Los engaños del orgullo
Lo llaman “falsa modestia”, pero definamosla por lo que es: “forzada posición en la que descendemos de nuestro nivel para satisfacer a los demás y eludir su antipatía”. Se expresa, a veces, en las excusas que ofrecemos para el “autobombo” o en la autoflagelante (y poco atinada) confesión de nuestra propia inferioridad.
Revelale al mundo la nimiedad de tu obra o de tus virtudes, señala que es escaso el fulgor y él festejará, pues lo suyo es la mezquindad. Dirás que es humildad, que es el don de la autenticidad más plena, comulgarás con él. Por el contrario, exhíbete a todas luces, declara las bondades de tu arte, abunda en palabras sobre tí, mírate al espejo, abraza un ligero e inofensivo egoísmo…Te caerá el universo con sus garfíos. Y es que la vanidad (bien sustentada, desde luego) es un agravio que pocos están dispuestos a soportar…(en los demás, claro está).
La experiencia de escritor me demuestra hoy que el mundo de “los demás” nos restringe a un papel insobornable, el del silente espectador de nuestros propios pasos. Alguien me escribe: “Se ve mal que le hagas cherry a tu propio libro en las redes, incluso así pierde valor e interés” (claro que el autor de esta frase tampoco está dispuesto a escribir sobre él).
Un experto en literaturas (así en plural) y que sabe más que nadie señala (sobre mi libro, disculpa al margen): “Es uno de los mejores libros de poesía que he leído en muchos años”. Un escritor muy de su oficio, tras leer la generosa crítica de un poeta mayor en un tabloide dice: “Extraordinario libro, estoy de acuerdo con el columnista. Debería tener mayor repercusión”. Una revista generosa me ilumina y me anima. Y no sigo ¿Ven lo que es el rubor? Por eso no sigo, y hasta podría alentar la mala crítica por seguir ¿Y qué tal si el poeta refiere el titulo de su libraco una y otra vez? ¿Por qué llamarlo “libraco”? ¿Para aligerar su disgestión (digo, la de usted) ¿Y si el poeta colecciona las ralas aunque buenas críticas y las pega a los ojos de los demás? Vade retro, ¡atrás!…
Claro que buscar reseñas en los diarios, hablar de sí mismo, elogiar sus propias letras “siempre se ve mal”. El escritor que resplandece en su interior (como el pintor, el actor, el escultor o el cantor) se debe oscurecer frente a los demás, bajar la cerviz, “ser él”, no hablar, no escribir, no aparecer, no ser y, finalmente, admitir su soledad, su desvinculación del círculo, de la tribu y, por tal, de la realidad. Hablar bien de sí podría ser peligroso, provocar rugidos, colmillos, mala leche y mal rigor.

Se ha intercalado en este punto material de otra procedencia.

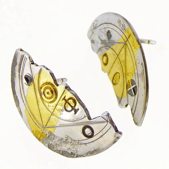 These unique, halved ear studs are made from 24ct gold and sterling silver. The technique used is an ancient Korean one caller Keum boo, where gold is fused to silver. Typography is an influence with this particular range of jewellery, and letters and symbols have been punched into the surface by hand, making each pair slightly different. The surface of the earrings is given a worn effect to simulate the look of an antique found object. When fitted together, the earrings measure 23mm in diameter. The posts and backs are made from sterling silver.
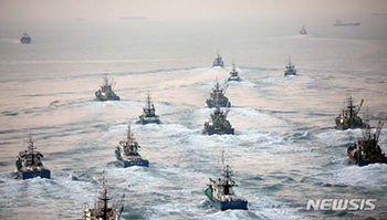 【NEWSIS】韓国国内のサバ漁獲量の80%以上を占める大型まき網漁船約60隻が13日午前、釜山市西区の釜山共同魚市場で、旧正月連休明けの初操業のため一斉に出港した。大型まき網漁船の1船団は本船(網..

Claro que este fenómeno no solo es propio de las letras, lo es también de la vida. Quien denigra de sus aptitudes es que aspira a la santidad, quien es ciego a sus talentos es un beato, la mujer que oculta su belleza al sol, la niega y vuelca el maquillaje en los desperdicios es una dama simple y natural, el estudiante que se coloca al ras y empata su ignorancia es un modelo de intelectual, el que se mofa de su propio intelecto es de los nuestros. Quien se mira feo, soso, bobo, infeliz, va acorde al mundo y siempre cae bien. En teoría el infeliz está más adaptado al mundo que el que es feliz (a tenor de los demás). “Se infeliz y serás nuestro amigo” reza una sentencia popular.
¿Reconoces estos versos?:
“Me celebro y me canto a mí mismo.
Y lo que yo diga ahora de mí, lo digo de ti,
porque lo que yo tengo lo tienes tú
y cada átomo de mi cuerpo es tuyo también”
Es Walt Withman celebrándose, nada menos. De hecho si no te amas, nadie te amará en representación. Dado así, si escribes un libro, pintas un cuadro, le das forma a una escultura o tienes el prodigio de la interpretación o, sencillamente si eres tú, sí, apenas eso, te vendría bien echarte atrás el lastre del insufrible rubor y darte a cantar a todo pulmón. Digo, nomás.